Task input:

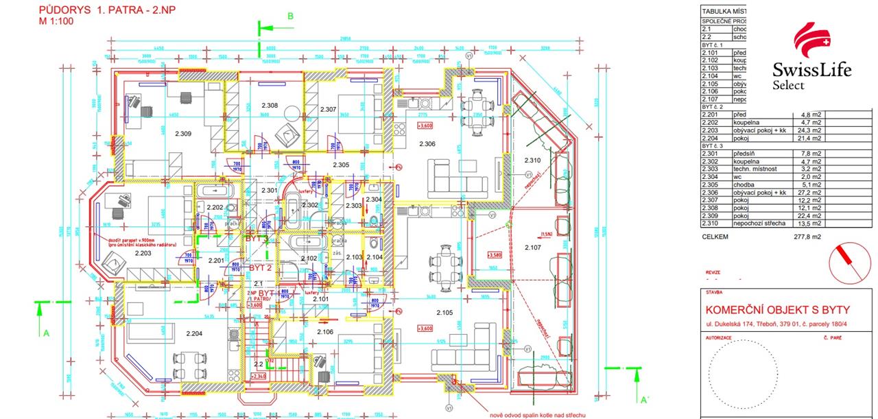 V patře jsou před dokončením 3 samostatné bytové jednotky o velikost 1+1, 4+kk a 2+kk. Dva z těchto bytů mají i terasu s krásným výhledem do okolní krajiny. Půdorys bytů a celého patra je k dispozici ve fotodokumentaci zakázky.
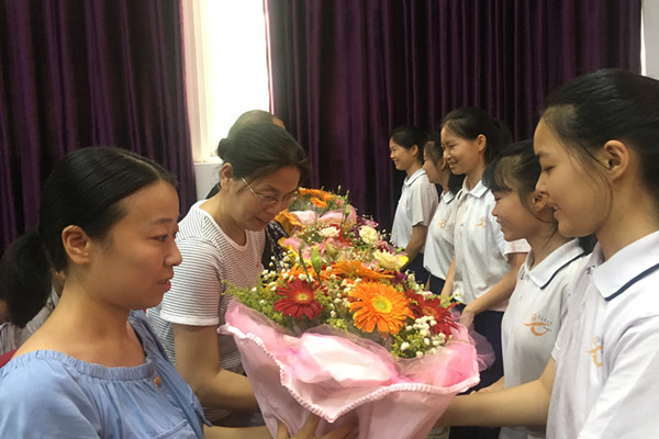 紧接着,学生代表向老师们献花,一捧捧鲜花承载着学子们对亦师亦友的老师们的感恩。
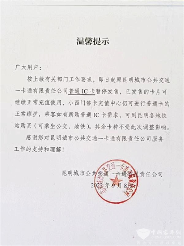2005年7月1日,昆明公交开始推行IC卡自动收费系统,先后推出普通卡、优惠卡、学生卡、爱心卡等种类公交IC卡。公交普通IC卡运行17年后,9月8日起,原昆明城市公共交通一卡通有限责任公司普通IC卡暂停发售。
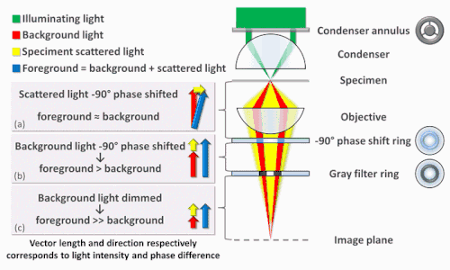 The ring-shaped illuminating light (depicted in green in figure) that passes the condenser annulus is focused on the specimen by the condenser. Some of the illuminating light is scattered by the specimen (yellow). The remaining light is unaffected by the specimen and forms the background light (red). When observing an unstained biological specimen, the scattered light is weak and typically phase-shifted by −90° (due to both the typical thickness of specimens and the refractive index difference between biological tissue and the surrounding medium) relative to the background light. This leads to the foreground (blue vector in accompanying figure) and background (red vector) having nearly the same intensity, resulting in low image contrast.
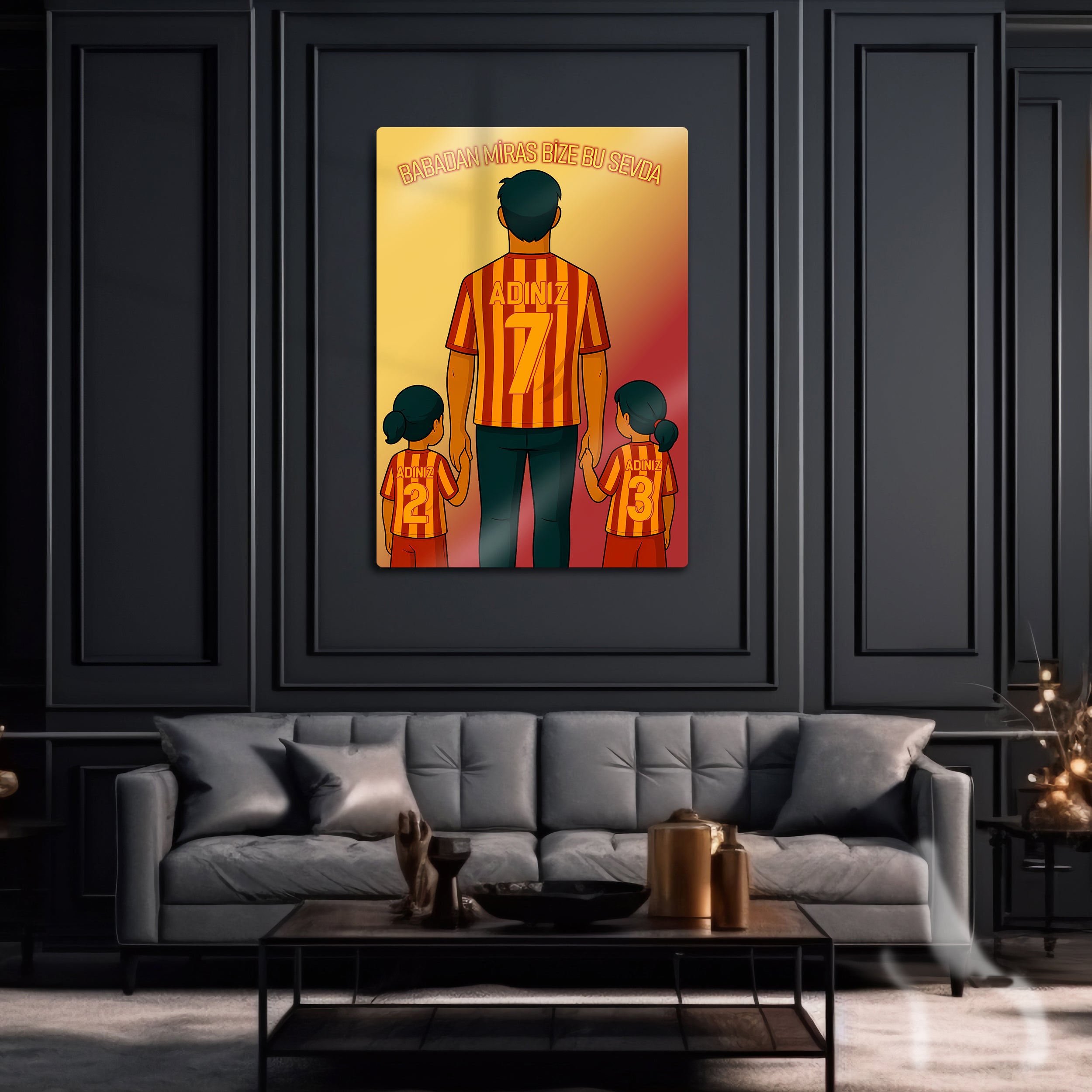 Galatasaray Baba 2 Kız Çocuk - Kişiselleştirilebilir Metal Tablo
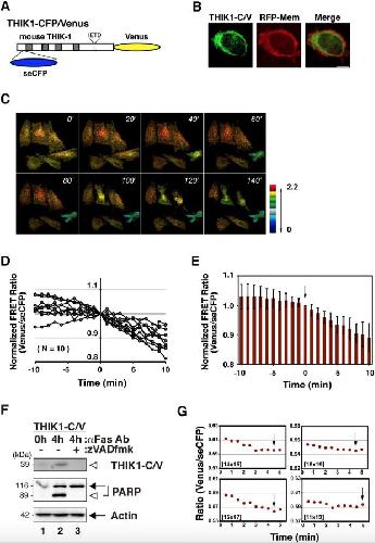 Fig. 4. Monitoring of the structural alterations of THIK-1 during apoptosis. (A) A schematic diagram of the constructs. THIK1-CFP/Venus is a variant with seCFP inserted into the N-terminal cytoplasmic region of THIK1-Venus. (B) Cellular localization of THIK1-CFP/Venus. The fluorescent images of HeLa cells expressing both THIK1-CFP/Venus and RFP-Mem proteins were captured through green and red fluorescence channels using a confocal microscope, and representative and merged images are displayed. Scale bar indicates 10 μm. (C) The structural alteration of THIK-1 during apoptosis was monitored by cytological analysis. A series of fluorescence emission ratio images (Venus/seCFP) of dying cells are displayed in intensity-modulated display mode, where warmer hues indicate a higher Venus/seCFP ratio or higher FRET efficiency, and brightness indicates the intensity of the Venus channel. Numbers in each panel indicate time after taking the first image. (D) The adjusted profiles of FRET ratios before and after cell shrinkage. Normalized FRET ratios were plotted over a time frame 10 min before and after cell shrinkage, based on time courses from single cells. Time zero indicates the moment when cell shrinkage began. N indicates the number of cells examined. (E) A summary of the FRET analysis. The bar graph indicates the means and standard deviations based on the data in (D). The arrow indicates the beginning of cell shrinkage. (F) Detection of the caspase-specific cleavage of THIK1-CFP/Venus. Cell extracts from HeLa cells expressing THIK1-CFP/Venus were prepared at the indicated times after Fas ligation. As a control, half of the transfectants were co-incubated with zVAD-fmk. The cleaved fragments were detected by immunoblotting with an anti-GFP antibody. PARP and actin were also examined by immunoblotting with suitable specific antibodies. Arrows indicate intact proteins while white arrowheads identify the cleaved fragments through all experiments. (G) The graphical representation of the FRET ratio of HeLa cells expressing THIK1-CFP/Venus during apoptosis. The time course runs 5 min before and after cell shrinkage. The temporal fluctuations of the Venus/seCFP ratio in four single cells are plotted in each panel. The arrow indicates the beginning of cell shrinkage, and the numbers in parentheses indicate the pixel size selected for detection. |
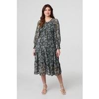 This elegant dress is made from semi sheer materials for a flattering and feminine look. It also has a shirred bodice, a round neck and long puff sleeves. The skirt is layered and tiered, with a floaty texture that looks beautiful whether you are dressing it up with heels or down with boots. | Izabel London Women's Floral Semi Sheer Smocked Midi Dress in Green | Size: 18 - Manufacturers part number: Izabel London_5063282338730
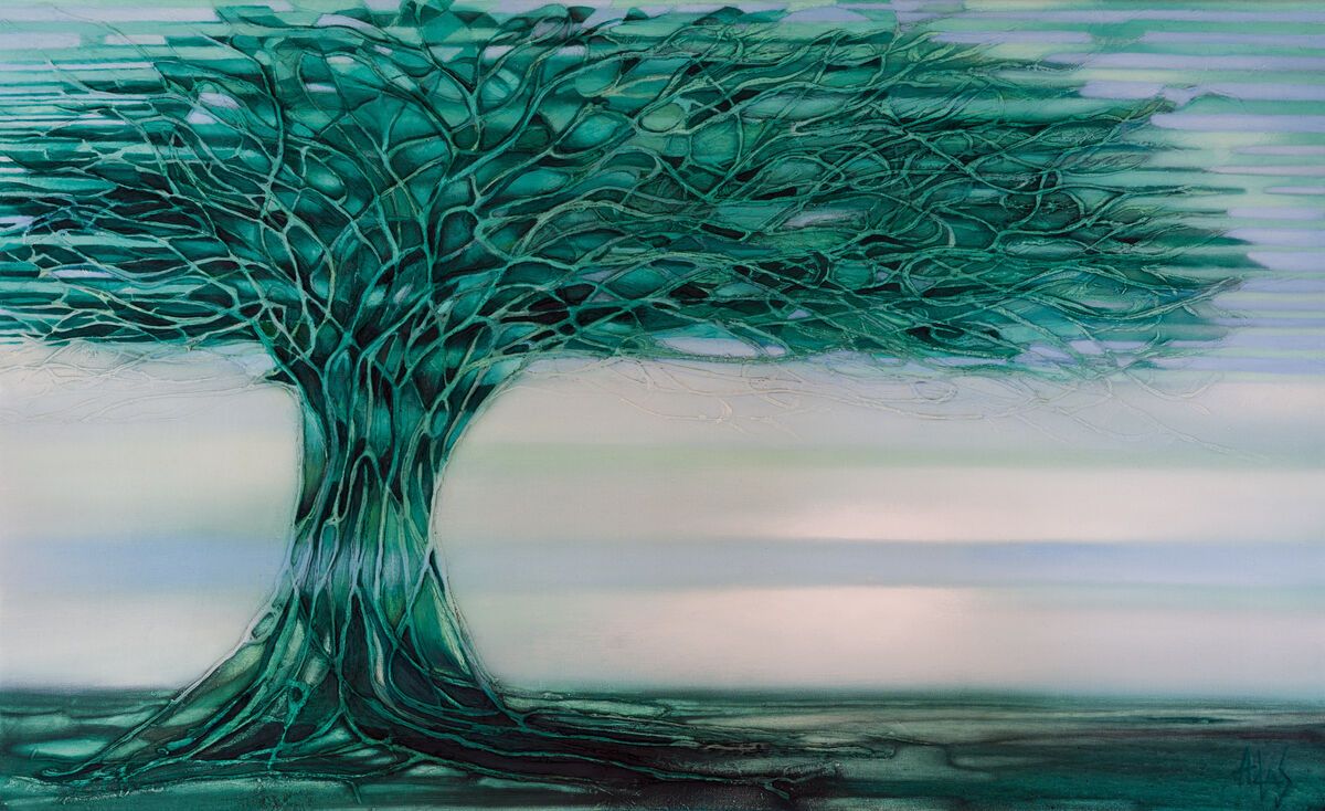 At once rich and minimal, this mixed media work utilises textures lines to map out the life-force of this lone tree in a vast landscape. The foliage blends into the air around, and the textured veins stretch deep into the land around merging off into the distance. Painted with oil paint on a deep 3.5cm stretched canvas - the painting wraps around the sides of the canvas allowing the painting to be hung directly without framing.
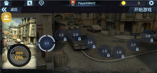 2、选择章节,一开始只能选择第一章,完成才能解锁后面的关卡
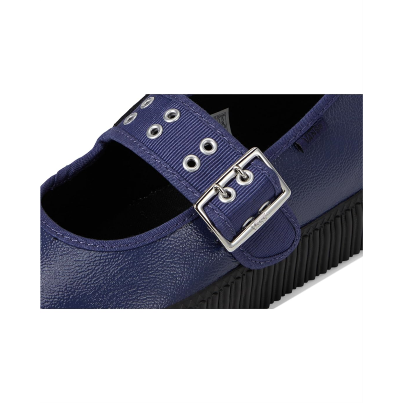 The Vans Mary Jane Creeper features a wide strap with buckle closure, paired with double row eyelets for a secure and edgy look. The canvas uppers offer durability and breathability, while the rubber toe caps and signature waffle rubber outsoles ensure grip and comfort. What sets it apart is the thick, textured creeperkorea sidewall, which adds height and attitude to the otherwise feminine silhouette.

What you will do:
Would you reproduce the lines above, from the very first through the line containing "2005年7月1日,昆明公交", exactly and without the pictures?

Response:
 V patře jsou před dokončením 3 samostatné bytové jednotky o velikost 1+1, 4+kk a 2+kk. Dva z těchto bytů mají i terasu s krásným výhledem do okolní krajiny. Půdorys bytů a celého patra je k dispozici ve fotodokumentaci zakázky.
 紧接着,学生代表向老师们献花,一捧捧鲜花承载着学子们对亦师亦友的老师们的感恩。
2005年7月1日,昆明公交开始推行IC卡自动收费系统,先后推出普通卡、优惠卡、学生卡、爱心卡等种类公交IC卡。公交普通IC卡运行17年后,9月8日起,原昆明城市公共交通一卡通有限责任公司普通IC卡暂停发售。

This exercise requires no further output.